News Analysis.

President Daniel Ortega last night followed other Latin American presidents in expressing his solidarity with ailing Venezuelan comrade Hugo Chávez, who is again fighting for his life as he undergoes is fourth cancer surgery today in Cuba.

“In the name of the people of Nicaragua, I want to salute our brother, our compañero, the liberator Hugo Chávez Frías, who once again is confronting a great battle that he has been confronting,” Ortega said during a political act Monday night.

Ortega, who has received more than $2.2 billion in Venezuelan largess since 2007, compared Chávez’s “struggle for the liberty of Venezuela, our America and humanity” to the historic efforts by Simon Bolívar, Augusto Sandino and José Martí.

Thanks to Chávez’s leadership in regional projects such as ALBA and the Community of Latin American and Caribbean States (CELAC), the hemisphere today is “more united than ever,” Ortega said. And the process will continue, the Sandinista strongman insisted.

“The Bolivarian Revolution with compañero Hugo Chávez has planted and the harvest is there in Venezuela and in all of our America, and the harvest is also here in Nicaragua. And there is no turning back in this battle,” Ortega said.

The Sandinista Youth this week made some pious noise by organizing a group prayer session on Sunday night. More than 5,000 identically dressed members of the Sandinista Youth gathered in Managua’s Bible Park Sunday night to light candles, hold hands, raise their palms to the heavens and pray collectively for Chávez’s health.

The golden coin toss

Though Chávez, 58, has been publically battling cancer since mid 2011, he declared himself fully recovered prior to his successful reelection bid last October. Two months after being elected to another six years in office, Chávez is back in Cuba for another cancer surgery that even he seems to think is a long-shot.

The Venezuelan president’s address to the nation Saturday night sounded like a farewell speech. After explaining that the cancer had returned, a somber Chávez named his vice-president and foreign minister, Nicolas Maduro, as successor.

Chávez’s failing health has caused considerable political and economic uncertainly in Venezuela and Nicaragua. Though he finally appointed his successor, the Venezuelan voters will ultimately have the final say over who comes after Chávez. And that’s why analysts say the events of the next few days could determine the future of Venezuela, ALBA and even Nicaragua.

If the president-elect dies before his Jan. 10 inauguration, the head of Venezuela’s congress becomes the interim president and a new election would be held in 30 days.
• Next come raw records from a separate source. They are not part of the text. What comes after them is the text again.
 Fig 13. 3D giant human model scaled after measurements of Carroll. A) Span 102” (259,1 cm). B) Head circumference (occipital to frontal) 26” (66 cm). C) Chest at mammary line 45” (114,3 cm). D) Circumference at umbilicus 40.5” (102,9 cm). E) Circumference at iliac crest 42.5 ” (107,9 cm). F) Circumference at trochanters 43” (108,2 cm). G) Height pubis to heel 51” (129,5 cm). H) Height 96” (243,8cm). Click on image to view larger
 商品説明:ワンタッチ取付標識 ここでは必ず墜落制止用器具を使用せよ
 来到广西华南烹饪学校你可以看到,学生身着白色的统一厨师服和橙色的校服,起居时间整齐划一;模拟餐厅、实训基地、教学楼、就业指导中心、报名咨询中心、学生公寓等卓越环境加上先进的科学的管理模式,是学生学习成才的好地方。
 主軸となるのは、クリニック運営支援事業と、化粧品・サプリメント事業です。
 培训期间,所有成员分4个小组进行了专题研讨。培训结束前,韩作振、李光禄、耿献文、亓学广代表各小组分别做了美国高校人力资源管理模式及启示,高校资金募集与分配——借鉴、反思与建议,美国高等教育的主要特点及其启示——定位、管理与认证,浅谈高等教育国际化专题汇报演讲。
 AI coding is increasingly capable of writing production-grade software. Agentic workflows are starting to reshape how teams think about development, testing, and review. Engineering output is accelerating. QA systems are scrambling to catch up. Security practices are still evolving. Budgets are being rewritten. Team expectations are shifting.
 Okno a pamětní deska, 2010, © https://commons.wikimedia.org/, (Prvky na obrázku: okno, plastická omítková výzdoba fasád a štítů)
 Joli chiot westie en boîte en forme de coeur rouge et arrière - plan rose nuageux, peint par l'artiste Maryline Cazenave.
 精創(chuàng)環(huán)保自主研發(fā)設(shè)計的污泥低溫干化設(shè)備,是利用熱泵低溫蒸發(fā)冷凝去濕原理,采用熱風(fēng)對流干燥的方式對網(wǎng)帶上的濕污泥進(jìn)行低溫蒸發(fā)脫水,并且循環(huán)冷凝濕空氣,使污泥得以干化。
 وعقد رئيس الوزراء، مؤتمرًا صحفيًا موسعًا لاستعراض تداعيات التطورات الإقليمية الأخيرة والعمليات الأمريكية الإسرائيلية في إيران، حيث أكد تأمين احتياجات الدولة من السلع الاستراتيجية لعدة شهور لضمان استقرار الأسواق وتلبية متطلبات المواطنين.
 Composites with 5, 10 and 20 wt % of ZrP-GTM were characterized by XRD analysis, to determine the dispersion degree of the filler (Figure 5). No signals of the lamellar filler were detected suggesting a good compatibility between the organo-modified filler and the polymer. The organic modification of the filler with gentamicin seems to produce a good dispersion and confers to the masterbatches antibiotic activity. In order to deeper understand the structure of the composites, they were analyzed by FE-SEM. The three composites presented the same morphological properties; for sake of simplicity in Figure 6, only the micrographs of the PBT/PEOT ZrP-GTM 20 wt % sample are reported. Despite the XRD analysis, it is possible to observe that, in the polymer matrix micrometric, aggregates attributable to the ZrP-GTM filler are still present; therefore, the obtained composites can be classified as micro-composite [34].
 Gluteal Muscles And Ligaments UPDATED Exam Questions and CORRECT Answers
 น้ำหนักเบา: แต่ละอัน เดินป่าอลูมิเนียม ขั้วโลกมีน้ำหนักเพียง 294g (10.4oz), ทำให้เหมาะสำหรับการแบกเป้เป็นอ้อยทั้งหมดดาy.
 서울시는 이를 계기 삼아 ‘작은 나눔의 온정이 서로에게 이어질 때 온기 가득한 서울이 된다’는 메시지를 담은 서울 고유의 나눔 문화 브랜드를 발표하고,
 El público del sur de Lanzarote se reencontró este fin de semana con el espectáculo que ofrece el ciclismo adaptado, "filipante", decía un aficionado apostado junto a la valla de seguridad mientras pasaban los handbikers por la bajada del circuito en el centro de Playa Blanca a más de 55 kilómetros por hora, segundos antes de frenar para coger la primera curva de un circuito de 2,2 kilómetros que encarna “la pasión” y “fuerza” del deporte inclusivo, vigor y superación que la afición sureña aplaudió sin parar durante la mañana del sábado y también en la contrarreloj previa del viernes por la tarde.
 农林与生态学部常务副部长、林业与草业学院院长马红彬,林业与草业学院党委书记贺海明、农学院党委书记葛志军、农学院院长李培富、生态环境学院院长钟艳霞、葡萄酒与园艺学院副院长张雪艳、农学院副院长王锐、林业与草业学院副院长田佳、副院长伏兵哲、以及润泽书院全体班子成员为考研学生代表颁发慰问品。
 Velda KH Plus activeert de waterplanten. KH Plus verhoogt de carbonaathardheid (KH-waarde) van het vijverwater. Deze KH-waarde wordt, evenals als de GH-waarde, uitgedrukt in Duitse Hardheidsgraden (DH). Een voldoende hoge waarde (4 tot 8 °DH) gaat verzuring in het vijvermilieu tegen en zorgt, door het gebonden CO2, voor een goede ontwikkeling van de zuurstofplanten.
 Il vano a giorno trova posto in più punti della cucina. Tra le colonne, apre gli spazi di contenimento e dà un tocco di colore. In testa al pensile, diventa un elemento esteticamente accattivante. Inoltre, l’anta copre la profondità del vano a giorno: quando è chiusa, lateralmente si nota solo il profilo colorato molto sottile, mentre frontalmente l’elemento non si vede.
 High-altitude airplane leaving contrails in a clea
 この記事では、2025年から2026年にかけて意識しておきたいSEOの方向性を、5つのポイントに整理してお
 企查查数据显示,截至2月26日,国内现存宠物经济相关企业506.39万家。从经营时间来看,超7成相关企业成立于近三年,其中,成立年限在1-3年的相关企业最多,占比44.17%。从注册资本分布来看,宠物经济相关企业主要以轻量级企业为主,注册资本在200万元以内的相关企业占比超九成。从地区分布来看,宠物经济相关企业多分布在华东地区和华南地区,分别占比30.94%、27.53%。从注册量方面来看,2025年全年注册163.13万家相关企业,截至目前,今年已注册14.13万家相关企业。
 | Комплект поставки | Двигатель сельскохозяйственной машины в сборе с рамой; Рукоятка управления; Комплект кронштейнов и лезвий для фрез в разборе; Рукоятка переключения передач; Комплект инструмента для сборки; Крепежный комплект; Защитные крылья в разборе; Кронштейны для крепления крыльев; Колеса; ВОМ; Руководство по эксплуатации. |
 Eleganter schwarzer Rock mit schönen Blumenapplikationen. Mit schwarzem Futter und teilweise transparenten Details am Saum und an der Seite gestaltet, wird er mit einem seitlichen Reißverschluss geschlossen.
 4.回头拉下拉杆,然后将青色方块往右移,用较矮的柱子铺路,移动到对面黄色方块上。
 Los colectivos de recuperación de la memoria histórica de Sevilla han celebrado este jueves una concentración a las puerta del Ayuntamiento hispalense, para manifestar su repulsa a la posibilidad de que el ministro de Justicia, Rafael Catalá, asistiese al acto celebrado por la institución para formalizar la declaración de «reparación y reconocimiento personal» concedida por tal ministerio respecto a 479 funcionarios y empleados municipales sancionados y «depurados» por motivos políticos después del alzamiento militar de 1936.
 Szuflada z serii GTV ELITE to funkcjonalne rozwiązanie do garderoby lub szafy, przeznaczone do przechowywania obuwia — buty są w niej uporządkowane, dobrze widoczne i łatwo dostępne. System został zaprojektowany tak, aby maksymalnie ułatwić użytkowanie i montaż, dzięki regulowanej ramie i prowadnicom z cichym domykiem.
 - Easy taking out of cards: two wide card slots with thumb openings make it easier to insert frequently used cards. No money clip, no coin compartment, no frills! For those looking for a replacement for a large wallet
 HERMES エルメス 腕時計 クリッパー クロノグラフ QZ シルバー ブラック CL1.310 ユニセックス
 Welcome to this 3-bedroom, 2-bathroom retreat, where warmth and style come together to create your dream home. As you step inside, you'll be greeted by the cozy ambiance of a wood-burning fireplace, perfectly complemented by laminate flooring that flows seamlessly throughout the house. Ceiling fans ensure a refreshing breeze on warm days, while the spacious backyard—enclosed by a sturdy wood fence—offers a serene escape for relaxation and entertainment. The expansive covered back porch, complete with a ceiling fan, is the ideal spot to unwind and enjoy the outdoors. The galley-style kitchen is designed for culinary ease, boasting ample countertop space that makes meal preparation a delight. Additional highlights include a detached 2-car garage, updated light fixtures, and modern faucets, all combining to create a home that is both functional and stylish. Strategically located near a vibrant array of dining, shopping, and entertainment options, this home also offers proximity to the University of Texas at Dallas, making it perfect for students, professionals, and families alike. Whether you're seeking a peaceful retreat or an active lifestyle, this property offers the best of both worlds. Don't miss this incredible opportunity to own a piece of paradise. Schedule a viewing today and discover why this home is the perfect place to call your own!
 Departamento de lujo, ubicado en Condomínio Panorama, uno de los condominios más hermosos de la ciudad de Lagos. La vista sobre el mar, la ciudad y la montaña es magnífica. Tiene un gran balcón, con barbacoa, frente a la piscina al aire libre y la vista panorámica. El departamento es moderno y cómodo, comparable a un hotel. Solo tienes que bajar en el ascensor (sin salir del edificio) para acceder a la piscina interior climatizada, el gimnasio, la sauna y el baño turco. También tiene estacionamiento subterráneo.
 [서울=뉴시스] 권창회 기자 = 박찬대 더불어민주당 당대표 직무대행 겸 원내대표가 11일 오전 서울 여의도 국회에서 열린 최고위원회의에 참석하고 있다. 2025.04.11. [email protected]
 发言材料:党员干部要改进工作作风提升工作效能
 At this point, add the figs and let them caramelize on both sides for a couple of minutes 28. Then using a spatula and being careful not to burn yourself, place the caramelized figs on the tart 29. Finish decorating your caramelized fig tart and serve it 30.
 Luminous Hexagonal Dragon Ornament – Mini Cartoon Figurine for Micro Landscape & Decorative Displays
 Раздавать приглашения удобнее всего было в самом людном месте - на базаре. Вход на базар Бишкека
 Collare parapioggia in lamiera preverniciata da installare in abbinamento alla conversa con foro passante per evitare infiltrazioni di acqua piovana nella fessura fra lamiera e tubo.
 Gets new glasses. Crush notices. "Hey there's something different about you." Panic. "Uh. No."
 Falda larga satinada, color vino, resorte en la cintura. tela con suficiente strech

But, according to Nicaraguan political analyst Oscar Rene Vargas, if Chávez dies after his inauguration in January, Vice President Maduro would essentially be the incumbent candidate, which makes a big difference.

“Right now there is a golden coin in the air and we don’t know how it is going to land,” Vargas told The Nicaragua Dispatch.

If opposition political leader Henrique Capriles, who lost his first presidential bid to Chávez last October by 10 points, were to win in a second-chance election against Maduro in the next few months, ALBA—as Nicaragua knows it—would most likely end, analysts claim. And even if Maduro continues at the head of the “Bolivarian Revolution” for the next six years, without Chávez the ALBA project would probably start to wither on the vine, Vargas predicts.

 “ALBA might last a few more years, but geopolitically Venezuela would need to look more toward Brazil to defend itself from the U.S.,” Vargas says. Nicaragua, he says, would become far less important to Venezuela without Chávez in the picture to keep the relationship alive.

That would also cast a longer shadow of doubt over long-term Venezuelan-backed megaprojects such as the Supreme Dream of Bolivar Oil Refinery, the analyst says.

New management in Venezuela would also spell uncertainty for the Sandinistas’ main financial arm, ALBA de Nicaragua, S.A. (ALBANISA), a company that is 51% owned by Petróleos de Venezuela, S.A. (PDVSA) and 49% owned by Empresa Nicaragüense de Petróleo (PETRONIC). ALBANISA currently receives hundreds of millions of dollars in concessional loans generate from  deal that sends 50% of Nicaragua’s oil bill into a trust fund that is owned by PDVSA but managed by ALBANISA.

The current arrangement between Chávez and Ortega nets an average of $500 million for the Sandinista government each year. In comparison, all other forms of aid that enter Nicaragua each year from multi-lateral lenders and bilateral donors totals $360 million, according to the 2013 budget.

Some analysts think political change in Venezuela could even get nasty for Nicaragua.

“The ALBA relationship between Venezuela and Nicaragua has never been totally clear, and when it comes to the end people are going to try to figure out what happened,” says ex-foreign minister and former opposition congressman Francisco Aguirre. “Venezuelans are going to want to know what happened to all the money they gave Nicaragua. And that’s when the witch hunt begins and that’s when the shit will hit the fan.”